Many exciting events were planed for the weekend of which none actually came to fruition, though time still managed to throw me into the participation of a world record attempt for the longest strand of onions (5241 meters), discussions of Romanian identity at a Hungarian dance party, and the loss of my left sock in the line of ‘duty’.

The plan was for all us teachers to drive up to Cluj and watch the football game Friday night. Marius, the P.E coach, the only person who has ever given me a welt from a ping-pong ball, regaled me with lavish stories of his favorite team, CFR Cluj, and how much fun life is when watching a live match. Plans fell through at the last minute, the tickets turned out to be too expensive, so instead I bought a log of Toblerone and drank coffee until the wee hours of the morning making a wallet out of The Declaration of Independence. We received a package from the American Embassy a couple of days earlier with all types of propaganda for the youth center including these sweet pocket sized books of The Constitution, so naturally I thought ‘wallet’.

Lately I have been brushing my teeth with my left hand. This will be day number 7 and its not getting any easier. I read somewhere that it helps memory to do things I normally wouldn’t do, like eating cereal with my left hand or volunteering at an onion festival. The festival was held in Turda, three hours northeast of Abrud, and half way into the bus trip I discovered that all my money was in my new wallet that I left on the table next to my cell phone. So much for brushing with the left hand. The bus zoomed through green winding hills as we made are way to Turdafest. Out my window kids played kickball in cornfields with scarecrows and I thought to myself how soberly pragmatic names like ‘kickball’ and ‘scarecrow’ really are.

We arrived before the festival was to begin and old ladies in their Babushkas were still laying out their hand crafted spoons and jars of jam and honey. Turda is an absolutely beautiful city with long streams of sherbet maisonettes bordering spacious cobblestone streets, one of which held the festival. Our job was to grab cord after cord of onions and line them up in the center of town then snake them all the way back to the church parking lot where the cords of onions would continue until the parking lot was completely filled. For two hours we looked liked prisoners on an onion chain gang as we moved our ripe sections of a world record length sting of onions. Why Onions, I can’t say, but apparently the Germans broke Turdas original World Record strand last year, taking the only thing Turda had going for itself. Other Peace Corps volunteers began to show up and soon most managed to abscond into the beer tents, but since help would still be needed through out the night we decided to drink to the point where our services would be of no use to any person or vegetable.

As the day went on the streets teemed with excitement and onions; people were dressed in traditional white and black garbs, children danced in circles holding hands to the sound of synthesized accordions, and venders sprang out from booths scaring you with their wooden dolls for sale.
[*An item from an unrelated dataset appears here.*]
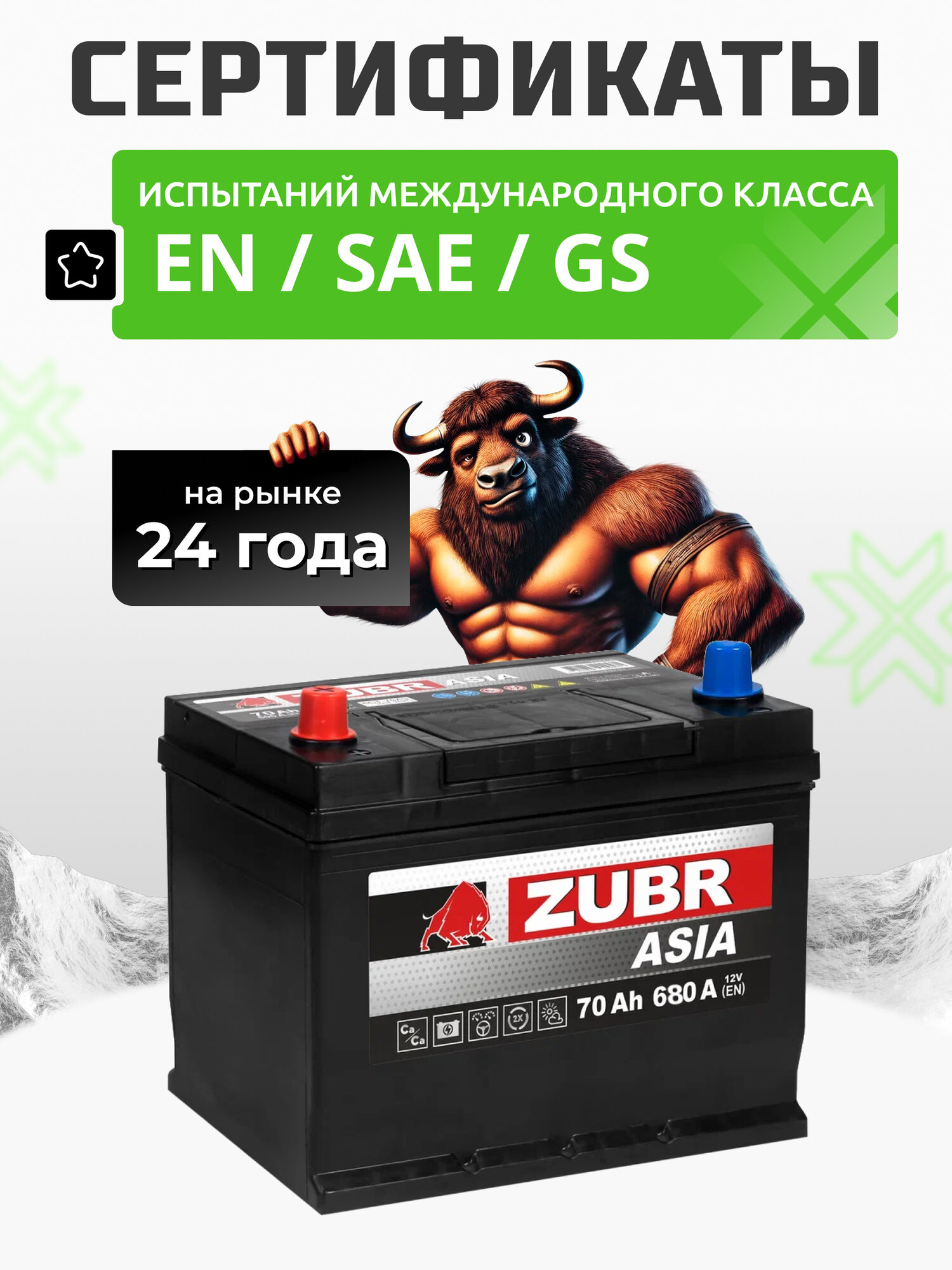 Аккумулятор автомобильный ZUBR Ultra Asia (нижний борт) 70 Ah 680 A прямая полярность 261x175x225: сравнение цен, характеристики, фото, актуальное наличие и цены.

It all seemed like some fantastically twisted scene from a fairytale and I wandered off, getting lost in a crowd of puffy shirts and bowl shaped hats.

I regained consciousness in mid-conversation with an old man as we were sitting on the brick steps of a church. He was a philosopher who had grown tired of experience and mentioned how the truths of beauty and happiness depended on constant change, which could never be understood through the senses. An old lady soon came and carried him away; this would be around the time my stomach began to give me troubles and I hurdled into a rickety church bathroom before all was lost. Unfortunately the little boy’s room lacked all essentials and I returned to the beer tent with one sock missing.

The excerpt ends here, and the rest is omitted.